Neal proposes tapping tobacco tax for children’s mental health ‘savings plan’
“I saw it as a savings plan that was going to start early. …and we wouldn't have to then have a conversation about how to fill a hole."
Democratic State Sen. Dina Neal is asking state lawmakers to squirrel away $1.6 million a year in preparation for 2026, when federal money allocated to ease the state’s dearth of mental health treatment options for children is expected to run out.
The request originated in the Legislative Interim Committee on Revenue, which voted unanimously last year to tap the tobacco tax to help fund programs currently paid for by the American Rescue Plan.
Senate Bill 95 calls for taking 5% of revenue gleaned from the state’s 30 percent tax on Other Tobacco Products, which is imposed on tobacco and nicotine products other than cigarettes. Currently, the tax generates more than $23 million a year in general fund revenue.
Neal said the state allocated $1.6 million a year in ARPA funds to the Northern Nevada Adolescent Services, and $2.4 million to Southern Nevada Child and Adolescent Services.
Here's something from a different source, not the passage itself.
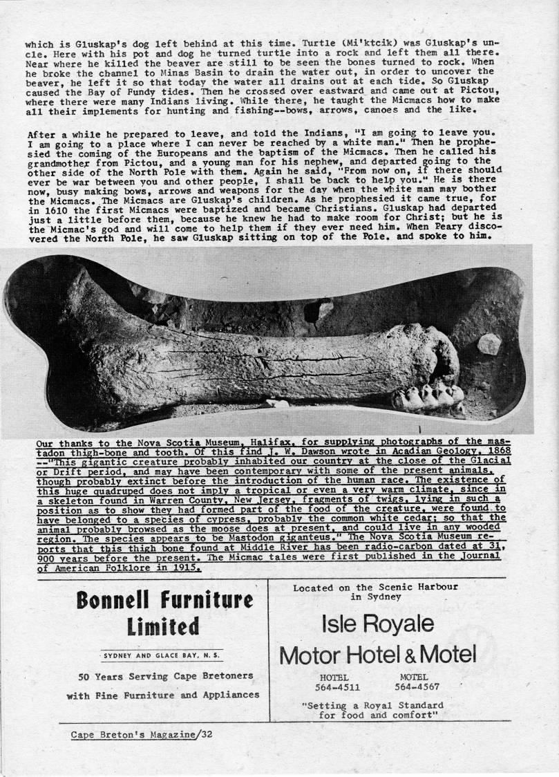Published by Ronald Caplan on 1974/10/1 (617 reads)which is Gluskap's dog left behind at this time. Turtle CMi'ktcik) was Gluskap's un? cle. Here with his pot and dog he turned turtle into a rock and left them all there. Near where he killed the beaver are still to be seen the bones turned to rock. When he broke the channel to Minas Basin to drain the water out, in order to uncover the beaver, he left it so that today the water all drains out at each tide. So Gluskap caused the Bay of Fundy tides. Then he crossed over eastward and came out at Pictou, where there were many Indians livii', While there, he taught the Micmacs how to make all their implements for hunting and fishing • bows, arrows, canoes and the like. After a while he prepared to leave, and told the Indians, "I am going to leave you, I am going to a place where I can never be reached by a white man." Then he prophe? sied the coming of the Europeans and the baptism of the Micmacs, Then he called his grandmother from Pictou, and a young man for his nephew, and departed going to the other side of the North Pole with them. Again he said, "From now on, it there should ever be war between you and other people, I shall be back to help you." He is there now, busy making bows, arrows and weapons for the day when the white man may bother the Micmacs, The Micmacs are Gluskap's children. As he prophesied it came true, for in 1610 the first Micmacs were baptized and became Christians. Gluskap had departed just a little before them, because he knew he had to make room for Christ; but he is the Micmac*s god and will come to help them if they ever need him. When Peary disco? vered the North Pole, he saw Gluskap sitting on top of the Pole, and spoke to him. Our thanks to the Nova Scotia Museum, Halifax, for supplying photographs of the mas? tadon thi'h-bone and tooth. Of this find J. W, Dawson wrote in Acadian Geology. 1868 • "This gigantic creature probably inhabited our country at the close of the Glacial or Drift period, and may have been contemporary with some of the present animals.' though probably extinct before the introduction of the human race. The existence of this huge quadruped does not imply a tropical or even a very warm climate| since m a skeleton found in Warren County. New Jersey, fragments of twigs, lying in such a position as to show they had formed part of the food of the creature, were found to have belonged to a species of cypress, probably the common white cedar: so that the animal probably browsed as the moose does at present, and could live m any wooded region. The species appears to be Mastodon giganteus," Ihe Nova Scotia Museum re"' ports that this thigh bone found at Middle River has been radio-carbon dated at 31. 900 years before the present. The Micmac tales were first published in the Journal of American Folklore in 1915, Bonnell Furniture Limited SYDNEY AND GLACE BAY, N. S. 50 Years Serving Cape Bretoners with Fine Furniture and Appliances Located on the Scenic Harbour in Sydney Isle Royale Motor Hotel & Motel HOTEL 564-4511 MOTEL 564-4567 "Setting a Royal Standard for food and comfort" Cape Breton's UdLga.zine/32

“Knowing that our money was going to eventually evaporate by ‘26, the plan was to bring a bill that would allow $1.6 million to accrue up until 2026, so that any ARPA funding that was being used, there wouldn’t be a loss or gap in that funding,” Neal said during a hearing Thursday before the Senate Committee on Revenue and Economic Development, which she chairs. “I saw it as a savings plan that was going to start early. …and we wouldn’t have to then have a conversation about how to fill a hole.”
There was no testimony in opposition to the measure.
“I think everybody recognizes the importance of children’s mental health and making sure we get funding for that,” said State Sen. Heidi Gansert, a Republican.
A Department of Justice investigation determined last year that Nevada is institutionalizing children out-of-state for lack of in-state options.